-- What is being asked --
Set down, exactly and with no pictures, the line that contains "莫道桑榆晚,为霞尚满天。10" and all lines after it in the listing.

-- Given material --

+--

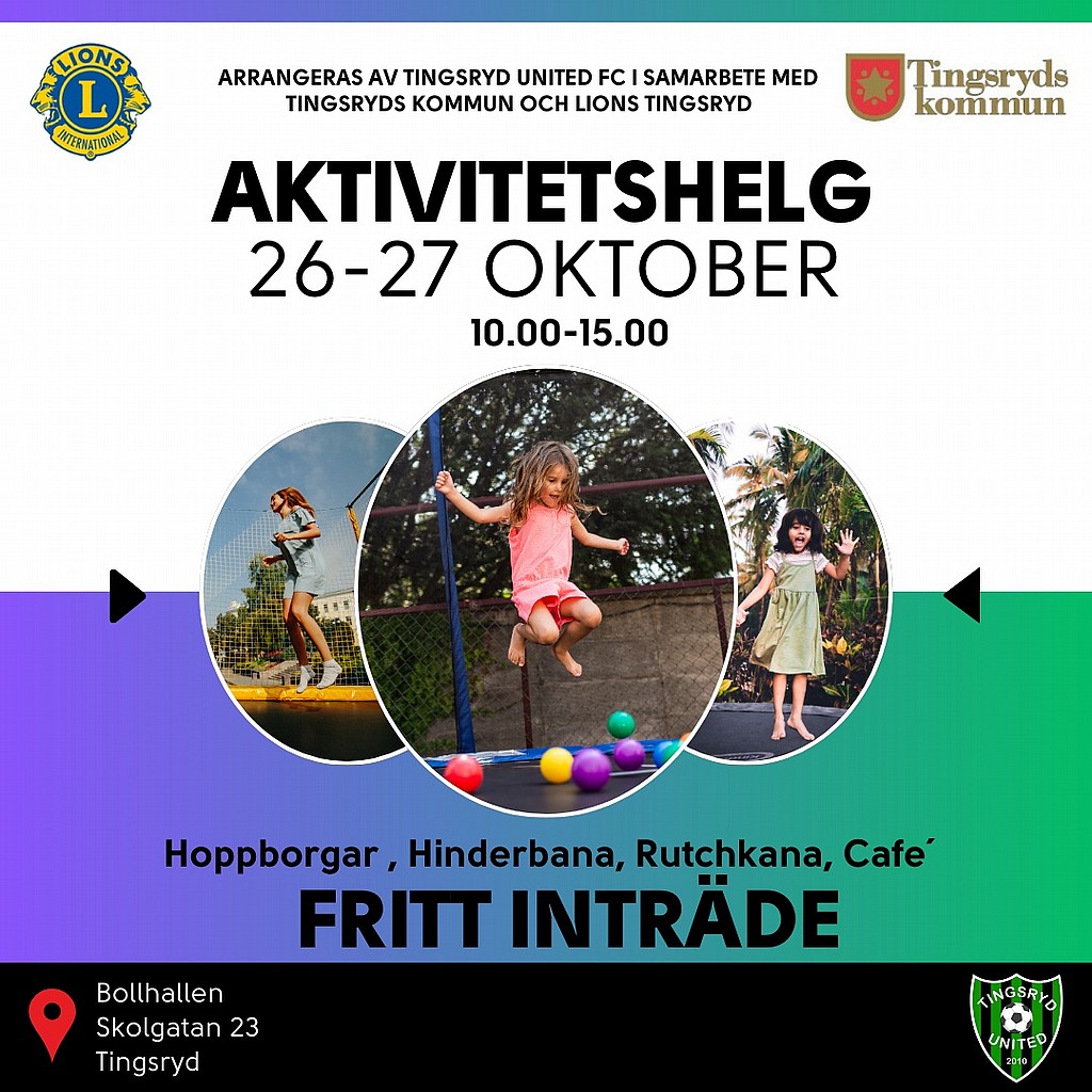 Missa inte att vi även iår kommer arrangera Aktivitetshelgen i Bollhallen. Vi fyller hela hallen med hoppborgar och annat roligt. Då vi får stöd från Lions Tingsryd och Tingsryds Kommun kommer inträdet som vanligt vara Gratis!! Välkomna!
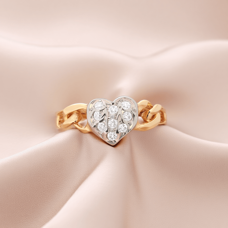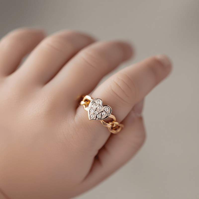 This delicate ring, designed especially for children, combines tenderness and sparkle in a charming design. The gold band features an elegant chain effect, symbolizing connection and protection, while the central heart, finely set with diamonds, captures the light with a soft, enchanting glow.
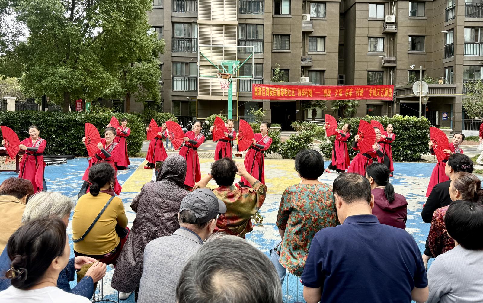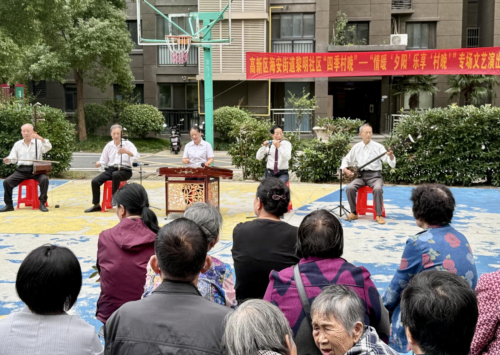 莫道桑榆晚,为霞尚满天。10月16日,一场以“情暖‘夕阳’ 乐享‘村晚’”为主题的“四季村晚”专场文艺演出活动在海安街道黎明社区黎明润景篮球场热闹开演。活动以精彩的文艺演出点燃热情,用趣味十足的互动游戏传递欢乐,让社区老人们度过了一段温馨又难忘的时光。
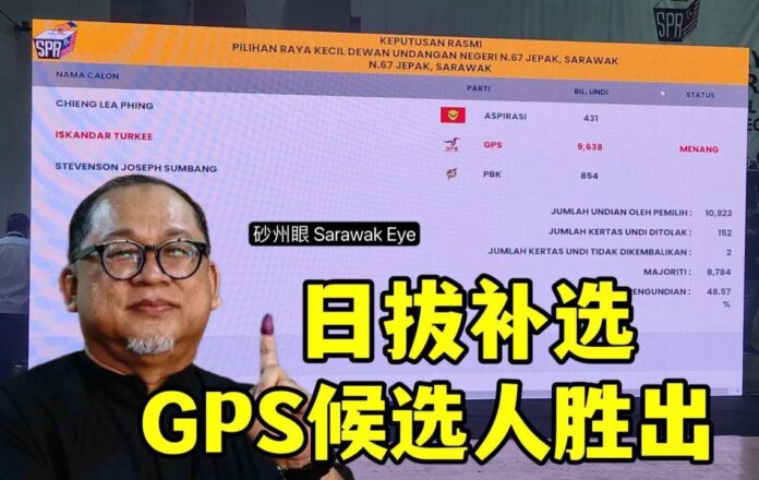 Home政治与资讯日拔补选,GPS候选人胜出 政治与资讯新闻快报 日拔补选,GPS候选人胜出 By sarawakeyeadmin November 4, 2023 0 235 Share FacebookTwitterPinterestWhatsApp 【砂拉越4日讯】今天投票的Jepak日拔补选,GPS候选人以多数票胜出,守住土保党的领土。 没有太多悬念,随着小选举的成绩出炉,GPS继续在82个议席中持有76个,维持2021年砂选举的成绩。在砂拉越,GPS的势力可以说是稳如泰山。 日拔区原州议员达立朱菲立在9月15日逝世后,伊斯干达道奇代表GPS出战补选,对手是人民志愿党(ASPIRASI)的詹礼斌和砂肯雅兰党(PBK)的史蒂文森。 链接至面子书帖子 Share FacebookTwitterPinterestWhatsApp Previous article用爱的方式散播和平,而非仇恨Next article政府澄清:国民服务明年若重启,仅2007年出生才会受召 sarawakeyeadminhttps://sarawakeye.my 相关文章 新闻快报 沙巴的大选才刚刚结束 December 5, 2025 新闻快报 新加坡总理黄循财宣布 December 4, 2025 新闻快报 哇 December 3, 2025 - Advertisment - 最受欢迎 沙巴的大选才刚刚结束 December 5, 2025 新加坡总理黄循财宣布 December 4, 2025 哇 December 3, 2025 AirBorneo婆罗洲航空正式明年1月启航 December 2, 2025 Load more

+--

-- Solution for this exercise --
 莫道桑榆晚,为霞尚满天。10月16日,一场以“情暖‘夕阳’ 乐享‘村晚’”为主题的“四季村晚”专场文艺演出活动在海安街道黎明社区黎明润景篮球场热闹开演。活动以精彩的文艺演出点燃热情,用趣味十足的互动游戏传递欢乐,让社区老人们度过了一段温馨又难忘的时光。
 Home政治与资讯日拔补选,GPS候选人胜出 政治与资讯新闻快报 日拔补选,GPS候选人胜出 By sarawakeyeadmin November 4, 2023 0 235 Share FacebookTwitterPinterestWhatsApp 【砂拉越4日讯】今天投票的Jepak日拔补选,GPS候选人以多数票胜出,守住土保党的领土。 没有太多悬念,随着小选举的成绩出炉,GPS继续在82个议席中持有76个,维持2021年砂选举的成绩。在砂拉越,GPS的势力可以说是稳如泰山。 日拔区原州议员达立朱菲立在9月15日逝世后,伊斯干达道奇代表GPS出战补选,对手是人民志愿党(ASPIRASI)的詹礼斌和砂肯雅兰党(PBK)的史蒂文森。 链接至面子书帖子 Share FacebookTwitterPinterestWhatsApp Previous article用爱的方式散播和平,而非仇恨Next article政府澄清:国民服务明年若重启,仅2007年出生才会受召 sarawakeyeadminhttps://sarawakeye.my 相关文章 新闻快报 沙巴的大选才刚刚结束 December 5, 2025 新闻快报 新加坡总理黄循财宣布 December 4, 2025 新闻快报 哇 December 3, 2025 - Advertisment - 最受欢迎 沙巴的大选才刚刚结束 December 5, 2025 新加坡总理黄循财宣布 December 4, 2025 哇 December 3, 2025 AirBorneo婆罗洲航空正式明年1月启航 December 2, 2025 Load more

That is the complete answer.